- Promotional poster
- Directed by: Marc Evans
- Written by: Laurence Coriat
- Produced by: Jonathan Finn Dan Lupovitz
- Starring: Minnie Driver Haydn Gwynne Bob Pugh Owen Teale Steve Speirs Aneurin Barnard
- Cinematography: Charlotte Bruus Christensen
- Music by: Joby Talbot
- Production companies: Aegis Film Fund Mulligan and Nesbitt Productions Prescience
- Distributed by: Entertainment One
- Release dates: 25 October 2011 (London Film Festival); 2 March 2012 (United Kingdom);
- Running time: 110 minutes
- Country: United Kingdom
- Language: English
- Box office: $20,296

= Hunky Dory (film) =

Hunky Dory is a 2011 British independent musical film about the trials of an idealistic drama teacher as she tries to put on the end-of-year show. It was written by Laurence Coriat and directed by Welsh director Marc Evans and stars Minnie Driver, Aneurin Barnard, Kimberley Nixon and Robert Pugh. It premièred at the 55th BFI London Film Festival on 25 October 2011, and was officially released on 2 March 2012 in the UK.

==Plot==

Set in a Welsh comprehensive school during the summer of 1976, keen drama teacher Vivienne fights general teenage apathy to put on a glam rock musical version of Shakespeare's The Tempest of which David Bowie (whose album provides the name of the film) might be proud.

To engage her students and encourage them to explore and express their emotions, Vivienne uses popular songs performed by a cast led by Davey. She intends for her teaching approach to help them discover areas of interest, reduce inhibitions, and participate in creative activities, while also studying Shakespeare.

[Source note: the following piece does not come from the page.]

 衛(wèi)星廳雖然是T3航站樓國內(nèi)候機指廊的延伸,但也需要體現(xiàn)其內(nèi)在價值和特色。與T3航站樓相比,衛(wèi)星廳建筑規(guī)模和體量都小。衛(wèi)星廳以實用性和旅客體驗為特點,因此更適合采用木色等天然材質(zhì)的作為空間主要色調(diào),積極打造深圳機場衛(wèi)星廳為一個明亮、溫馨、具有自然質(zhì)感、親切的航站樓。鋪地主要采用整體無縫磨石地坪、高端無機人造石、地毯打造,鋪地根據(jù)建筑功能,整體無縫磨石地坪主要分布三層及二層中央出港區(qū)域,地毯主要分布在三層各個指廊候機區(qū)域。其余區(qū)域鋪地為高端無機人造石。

Vivienne's aspirations appear thwarted by her troublesome students who, raging with hormones, get up to various antics that seem destined to sabotage the musical. She also faces opposition from traditionally-minded, old-fashioned teaching staff, making getting the show to opening night a constant challenge.

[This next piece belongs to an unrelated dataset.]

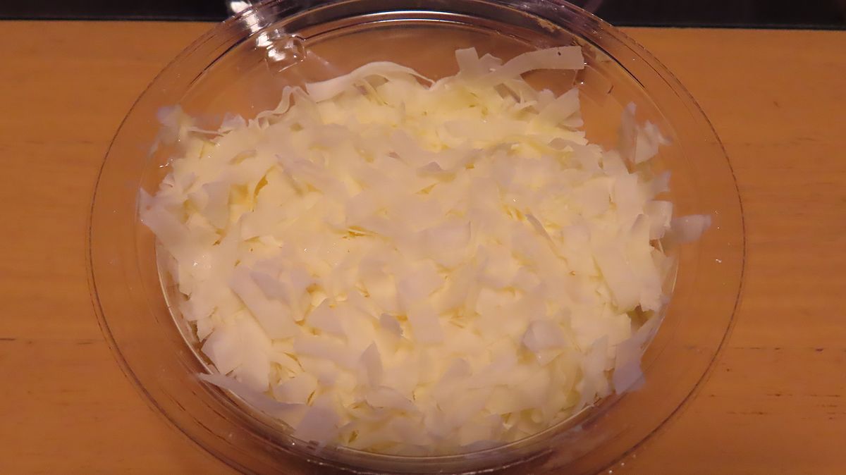 大量の削られたチーズがふわっと乗っかっている。

When a frustrated student sets fire to the school auditorium destroying the stage and the sets, the show is cancelled by the headmaster, who was to play Prospero. A side plot involves conflict between Vivienne's liberalism and the attitudes of her long-standing opponents on the staff, centering on discovering which "delinquent" student was responsible for the arson.

Deflated, but ultimately unwilling to chart this mishap or her role as "music teacher" as yet another thing she's failed at, Vivienne persuades the headmaster to allow the production to move to an outdoor setting. Her production is a triumph, much enjoyed by both the students and the audience.

The film ending features a photo-montage of what became of each student after leaving school. Vivienne had remained as music teacher, directing a school play every year until retirement.